Option Output file Description
lang=ts (default) <dir>/schema.gen.ts TypeScript module with node DDL arrays, rel DDL factory functions, and union types
lang=go <dir>/schema.gen.go Go package with node DDL slices, rel DDL factory functions, and typed constants. The package declaration uses the proto's go_package short name.
lang=py <dir>/schema_gen.py Python module with node DDL lists, rel DDL factory functions, and typed constants
lang=cypher <dir>/schema.cypher Plain Cypher DDL statements (rel tables as commented templates)

Example

Full examples are provided under example/v1/. Two separate packages — example/v1/graph/graph.proto and example/v1/commits/commits.proto — demonstrate how protos in different directories produce separate schema files (example/v1/graph/schema.gen.go, example/v1/commits/schema.gen.go, etc.), each in its own Go package.

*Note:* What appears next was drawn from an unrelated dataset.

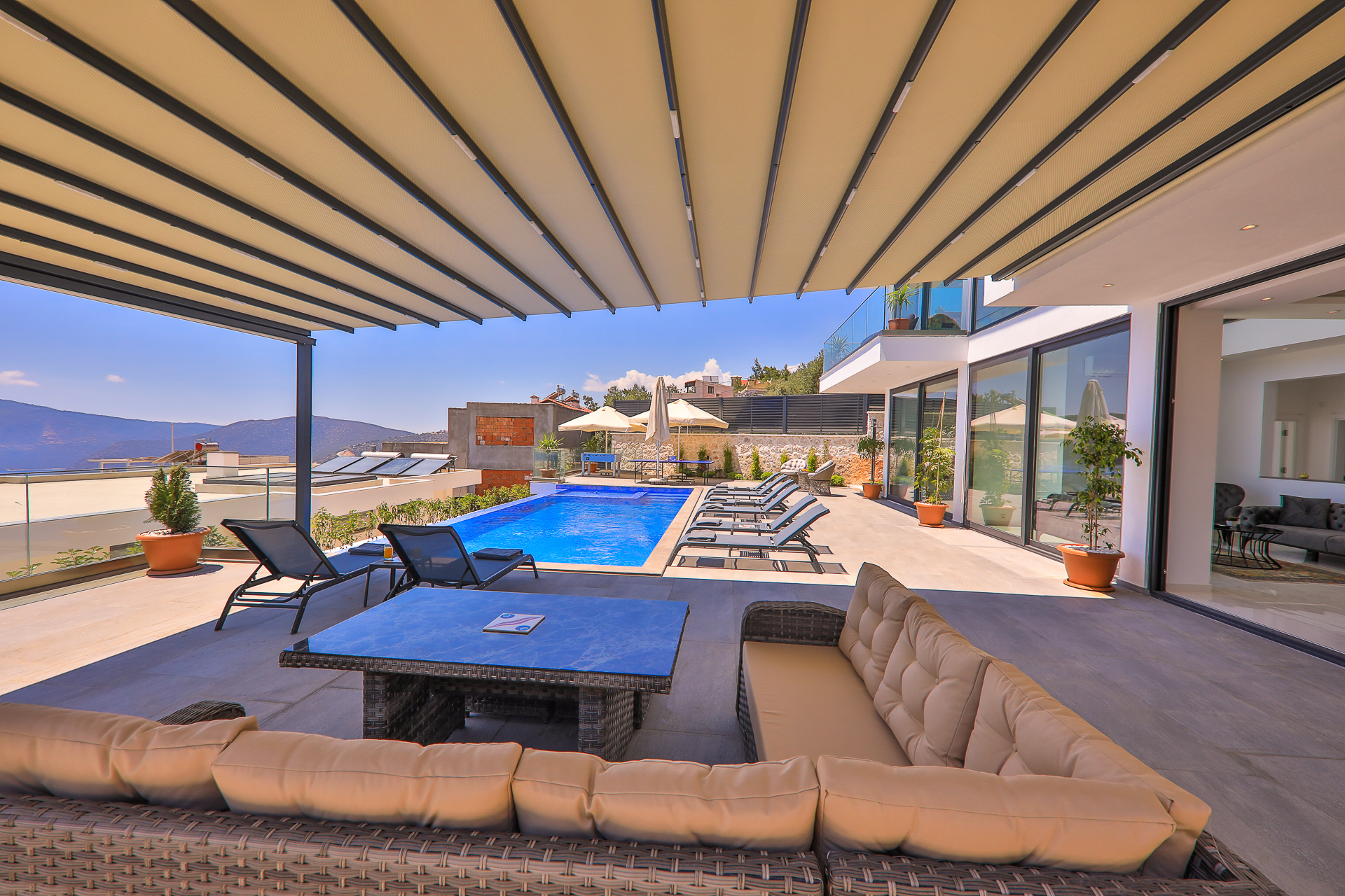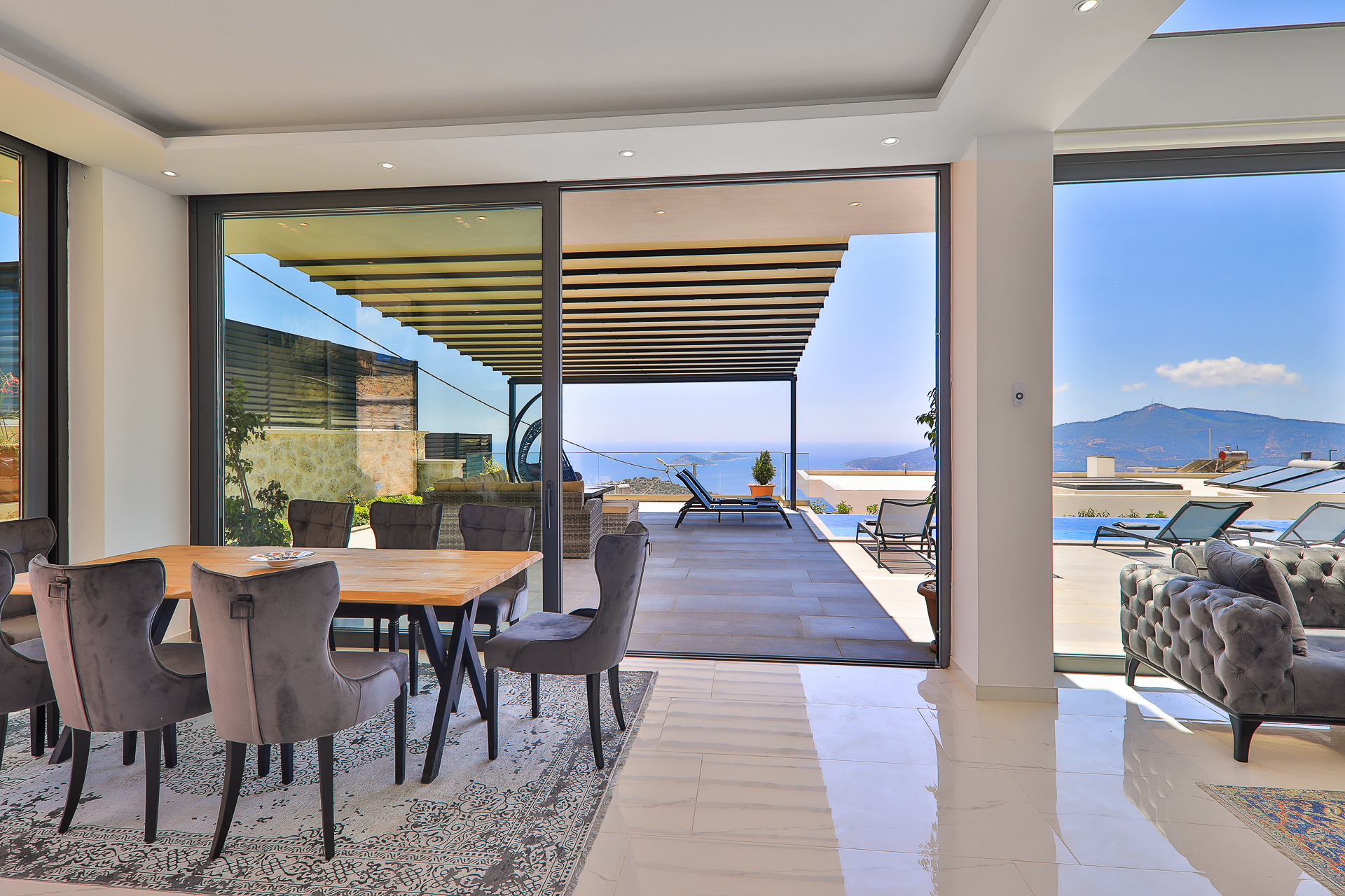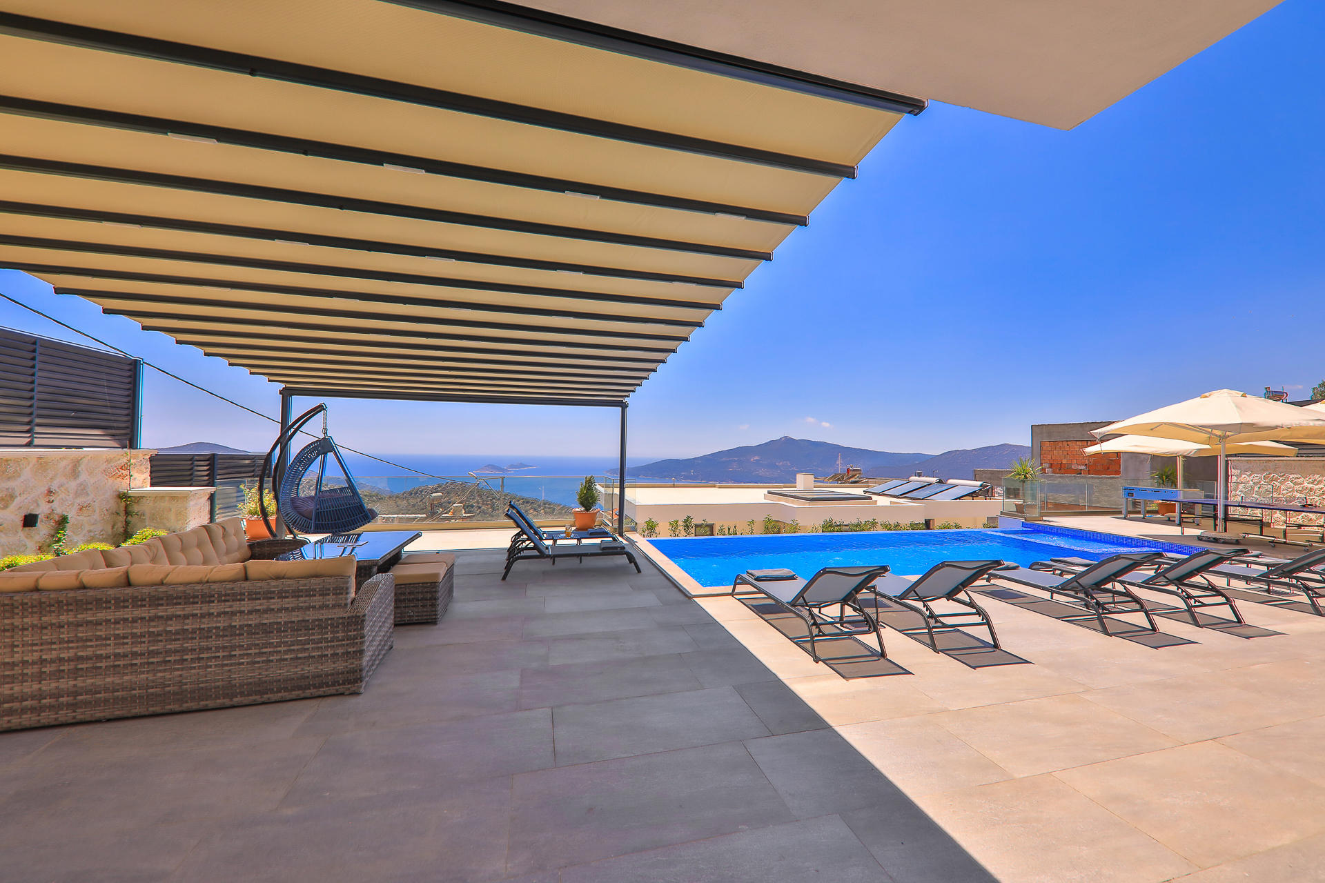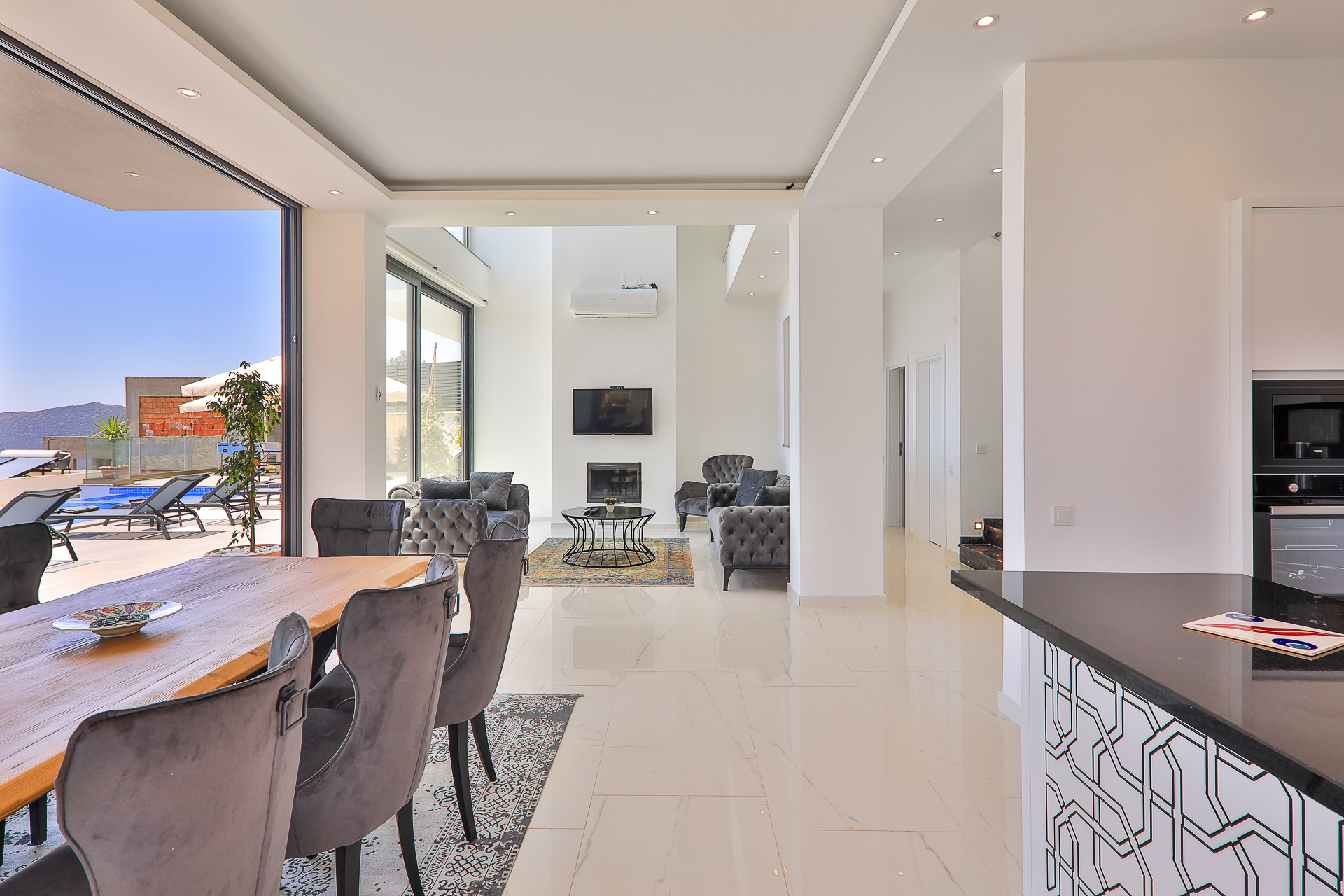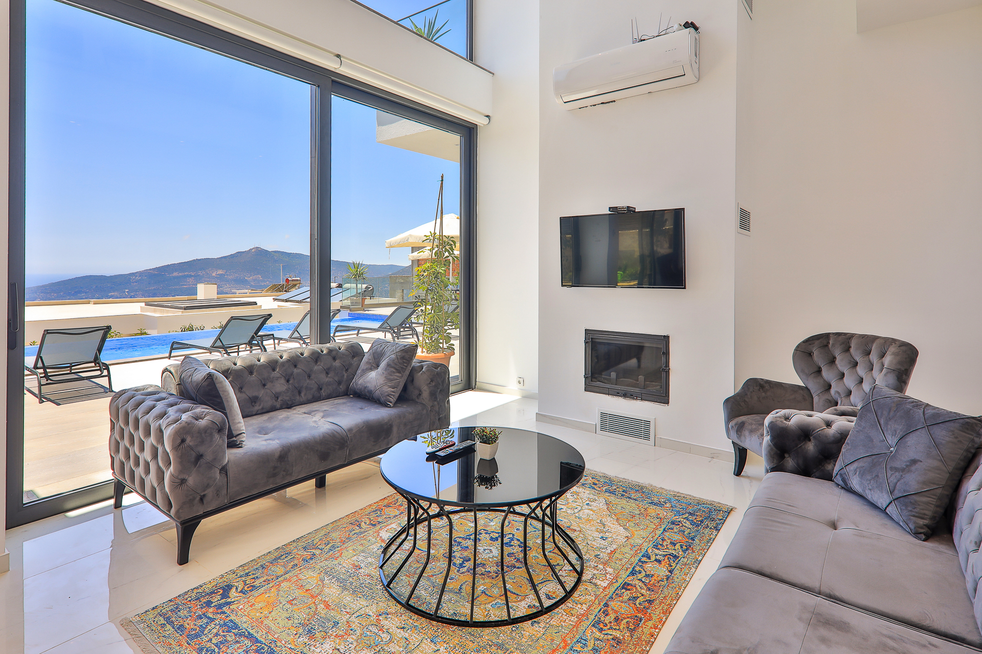 Salon: Deniz manzaralı salonunda oturma grubu, plazma TV, uydu alıcısı, klima, sehpa ve havuz başına çıkış bulunmaktadır.

Given proto definitions like:

syntax = "proto3";
import "ladybug/options.proto";

message FunctionNode {
  string id         = 1;
  string name       = 2;
  int32  start_line = 3 [(ladybug.column) = "startLine"];
  int32  end_line   = 4 [(ladybug.column) = "endLine"];
  bool   exported   = 5;
}

// "Rel" suffix → REL TABLE factory function.
// "source_id" and "target_id" are excluded from DDL columns.
message CallsRel {
  string id         = 1;
  string source_id  = 2;
  string target_id  = 3;
  string args       = 4;
  float  confidence = 5;
}

TypeScript output (default)

export const NODE_SCHEMA_STATEMENTS = [
  `CREATE NODE TABLE IF NOT EXISTS Function(id STRING PRIMARY KEY, name STRING, startLine INT32, endLine INT32, exported BOOL)`,
] as const;

export const NODE_TYPES = ['Function'] as const;
export type NodeType = (typeof NODE_TYPES)[number];

export interface RelPair {
  readonly from: string;
  readonly to: string;
}

export const REL_SCHEMA = {
  CALLS: (pairs: ReadonlyArray<RelPair>) =>
    `CREATE REL TABLE IF NOT EXISTS CALLS(${joinRelPairs(pairs)}, id STRING, args STRING, confidence FLOAT)`,
} as const;

export const REL_TYPES = ['CALLS'] as const;
export type RelType = (typeof REL_TYPES)[number];

Note how start_line became startLine via (ladybug.column).

Usage (single pair):

REL_SCHEMA.CALLS([{ from: 'Function', to: 'Function' }]);

Usage (multi-pair — a single CREATE REL TABLE covering every pair the label spans):

REL_SCHEMA.CALLS([
  { from: 'Function', to: 'Function' },
  { from: 'Class',    to: 'Function' },
]);

Go output

package schema

import (
	"fmt"
	"strings"
)

var NodeSchemaStatements = []string{
	`CREATE NODE TABLE IF NOT EXISTS Function(id STRING PRIMARY KEY, name STRING, startLine INT32, endLine INT32, exported BOOL)`,
}

const NodeTypeFunction NodeType = "Function"
var NodeTypes = []NodeType{NodeTypeFunction}

type RelPair struct {
	From string
	To   string
}

func RelSchemaCalls(pairs ...RelPair) string {
	return fmt.Sprintf(`CREATE REL TABLE IF NOT EXISTS CALLS(%s, id STRING, args STRING, confidence FLOAT)`, joinRelPairs(pairs))
}

const RelTypeCalls RelType = "CALLS"
var RelTypes = []RelType{RelTypeCalls}

Call sites pass every pair the label needs in one invocation:

schema.RelSchemaCalls(
    schema.RelPair{From: "Function", To: "Function"},
    schema.RelPair{From: "Class",    To: "Function"},
)

Python output

from typing import Final

NODE_SCHEMA_STATEMENTS: Final[list[str]] = [
    "CREATE NODE TABLE IF NOT EXISTS Function(id STRING PRIMARY KEY, name STRING, startLine INT32, endLine INT32, exported BOOL)",
]

NODE_TYPE_FUNCTION: Final[str] = "Function"
NODE_TYPES: Final[list[str]] = [NODE_TYPE_FUNCTION]

RelPair = tuple[str, str]


def rel_schema_calls(pairs: list[RelPair]) -> str:
    """Return the CREATE REL TABLE DDL for Calls relationships."""
    return f"CREATE REL TABLE IF NOT EXISTS CALLS({_join_rel_pairs(pairs)}, id STRING, args STRING, confidence FLOAT)"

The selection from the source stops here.